Amongst my fabric stash I found two long thin rectangles of white netting, both the same size and shape but one with silver stars all over it has a slightly smaller mesh. I wonder what I bought them for – one of life’s mysteries. I also looked for some conventional fabric to strengthen the seams because sewing netting is tricky, there are more holes than threads which means most of the stitches don’t actually do anything useful, and it stretches horribly. I wanted something hardwearing that wouldn’t hold too much moisture, and a couple of offcuts of polycotton sheeting seemed to fit the bill.
Next I needed to fasten the bag securely. Maybe an nylon invisible zip? They always require a good hard pull to open and close them, although they can be prone to sticking after a few years’ use. I didn’t have one of the right length anyway, and I was reluctant to cut down a longer one. I had a look online to see if anyone had a better idea for closing lingerie bags. Velcro is no good because it attaches itself to knits like a limpet to rock, and a simple buttoned fastening would have gaps between the buttons that would allow things in and out of the bag while it’s churning around in the machine. I came across this Simple Mesh Bag tutorial on the Inspired Wren’s blog.

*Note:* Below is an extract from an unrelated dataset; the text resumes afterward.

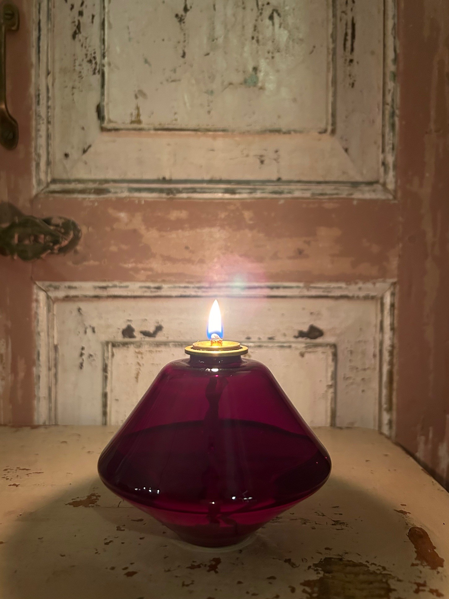 Aki oljelampa är en moderniseringen av en traditionell gammal lucerna. Liten oljelampa helt handblåst och klar i rena ljusa färger.

Here are the end results. I followed the Inspired Wren’s instructions, apart from a different closure and a different size of bag – I just used the whole piece of starry netting cut into two. I didn’t have any matching thread, unfortunately.
The original version has a foldover top that is secured with a single press stud in the middle. I don’t have any of the type of snap that’s attached using a tool, but I do have a length of tape with attached poppers left over from making duvet covers. I liked this design immediately – the foldover opening will stay closed even through a spin cycle with just a few snaps to keep it in place, while getting things in and out of the bag is even easier than for a zip, because the whole of the top of the bag is open when the flap is folded back on itself.
These lingerie bags would certainly be prettier made from a printed craft cotton like the Inspired Wren version, but once again I’ve chosen substance over style. I’m tempted to make a couple more out of the plain white netting, then I can wash just one or two pairs of socks per bag and have enough to use when travelling to prevent things like tights and silk scarves from getting snagged in a suitcase or drawer.
* Marks and Spencer – knicker suppliers to more than a quarter of British women.